Interestingly, although in 1881 it looks as if a new family is living in the house, it seems likely this is actually the family of Anne, William and Elizabeth's daughter. The head of the household is John Roberts, 54, with wife Anne, 54, and son Robert, 24. Anne's name and age are correct, and the surname would also be correct for the grandson, William Roberts, who was living with his grandparents previously. John Roberts is an agricultural labourer, while their son Robert, unmarried, is a joiner.
 
It's impossible to know exactly to whom census entries refer, but it seems likely that Anne left home to marry John Roberts at some point after 1851, and for some reason her son William was sent back to live with his grandparents. Records show a John and Anne Roberts, both 34, living in 'Cau Iol,' Llangelynin - the nearby house of Cae Iol - in 1861, with sons Robert, 4, and Owen, 1. John is an agricultural labourer. In 1871 there is a John and Anne Roberts living in Llain in Rowen, both 44. John is an agricultural labourer, son Owen, 11, and daughter Elizabeth, 8, are scholars, and there is a younger son, John, 4.
 
It seems very likely to me that Anne Roberts is the daughter of William and Elizabeth Williams, and this is the same couple who return to live at Tan y Graig once Anne's parents have died or moved on. I haven't been able to find parish records mentioning the family, but it's possible they were chapel goers. There are mentions of 'Tyn y Graig' in the Llangelynin records, but if this were an alternate spelling of Tan y Graig it seems more likely this would be the Tan y Graig in that parish, rather than this one, which is in Gyffin.

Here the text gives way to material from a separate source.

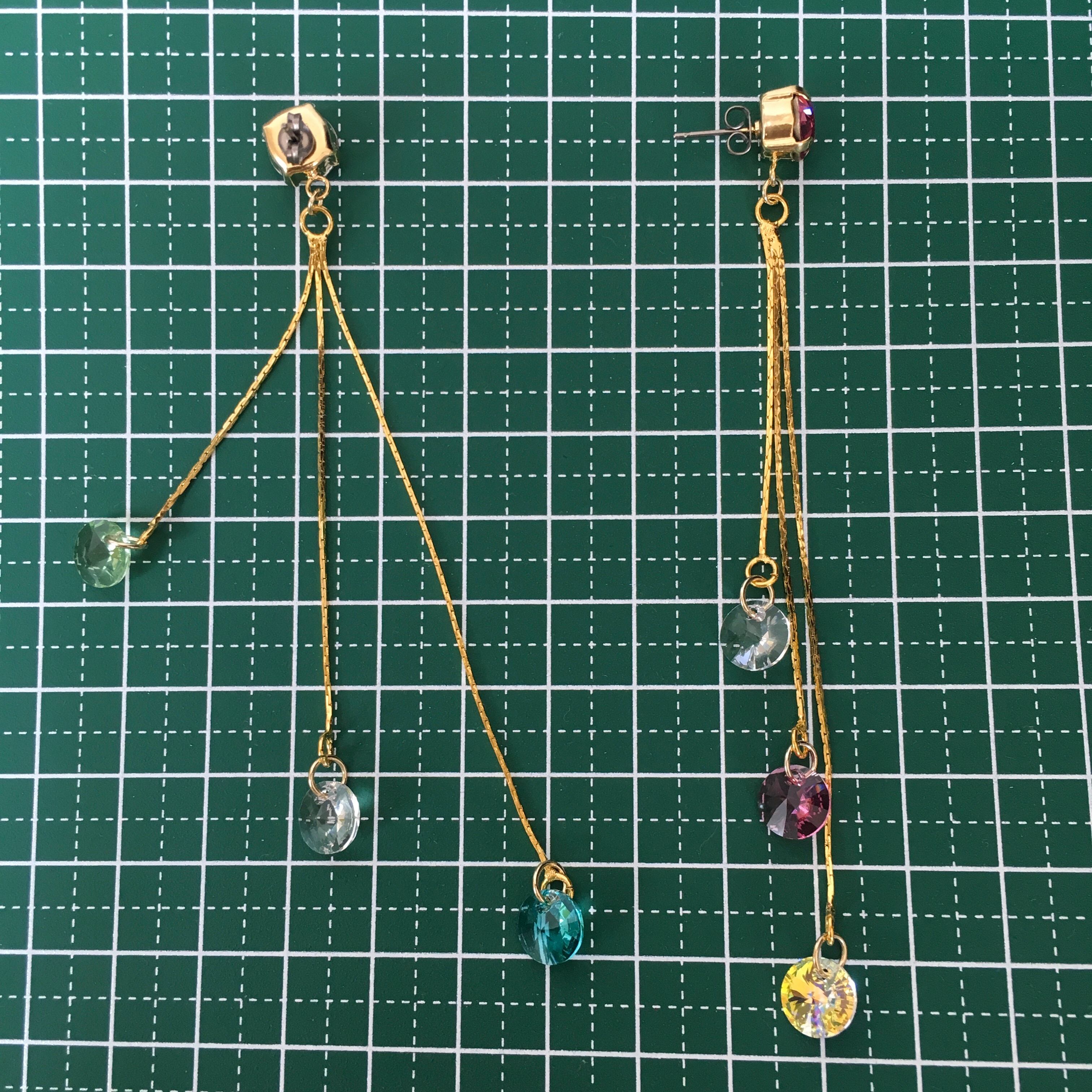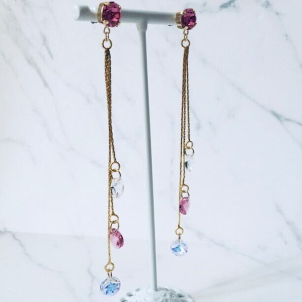 長さの違う3連チェーンにラウンドタイプのクリスタルをセットしました。

In 1891 John and Anne Roberts, both 64, are still in Tan y Graig, John being a farm labourer. They are living with son Robert, 30, a farm labourer, and grandson Robert, 7, a scholar. In 1901 John is now a widower, 74, and a farmer, and William has made a return, a general labourer at the age of 47. The house has three rooms, and both men speak Welsh only. In 1911 William, at 56, is the sole remaining member of the family, an agricultural labourer who speaks both Welsh and English. Perhaps this was the death knell for the house after three generations - and an unknown number before the censuses began.

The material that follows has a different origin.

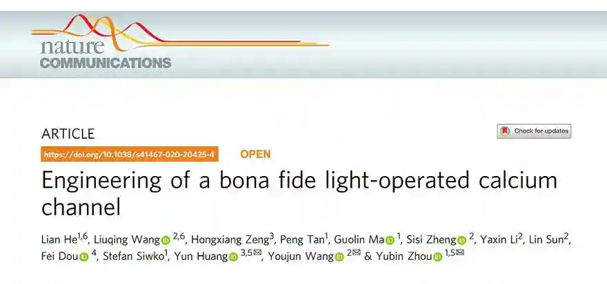 ZhouYubin教授实验室与王友军教授课题组联合美国德州农工大学HuangYun教授实验室再次合作,经过5年多的不懈努力,于近日共同在NatureCommunications杂志上发表文章,首次设计研发出一种蓝光精准调控并激活的具有高度选择性的钙离子通道LOCa(lightoperatedcalciumchannel)。LOCa是首个四次跨膜的光激活通道,这是在光遗传学领域的一个突破性的进展。研究团队在细胞及个体水平上应用该工具,在不同方面均展现了光开关的LOCa对CRAC相关疾病的治疗作用。

It seems likely that this would have been the small garden space in front of the house, with a possibly deliberately planted holly to the left. 

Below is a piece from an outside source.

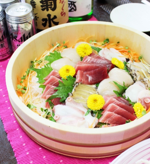 おかめ板長の刺身盛り。

Fragments of an old boot were lying on the ground in this space in front of the house. It seems likely this would have belonged to one of the people mentioned earlier who lived in the house.


This bit of the boot has made a good home for slugs and woodlice.


I wondered if this curved piece went around the heel.


Another piece shows small holes for stitching.


Reinforcing the idea that the south face of the building was the front, a low wall and a gatepost survive a few feet south of the south wall.


Turned around and looking north, there appears to be a doorway into a small enclosure or cell to the west of the square house corner. It's hard to tell if this cell has any connecting door between it and the structure on the right, since the wall is so ruined. It looks as if the western wall of the cell were part of the enclosure wall.


A still from my video of the place shows the south wall of this cell apparently built into the enclosure wall to the west. Perhaps it was never higher than the third course of stone to the left here.


In the mound of infill over the house remains was this piece of glass, probably the bottom of a bottle.


The bottom of the glass in the previous photo.


A small, ruined enclosure sits just to the north of the house. It looks as if there was another structure, perhaps a pen, just to the north east.


Looking back over the mound of the demolished house.


Looking south at the highest surviving part of the house wall. It seems likely to me that the dwelling was to the left with only a small enclosure to the right.


There may be another enclosure to the south east of the house, but the stones are covered in moss and grass.


Looking west across the extent of the house remains, with the single gatepost to the left.


Outside the enclosure around the house the land is rather more wild and moorlike. This view is looking down towards the Conwy Valley.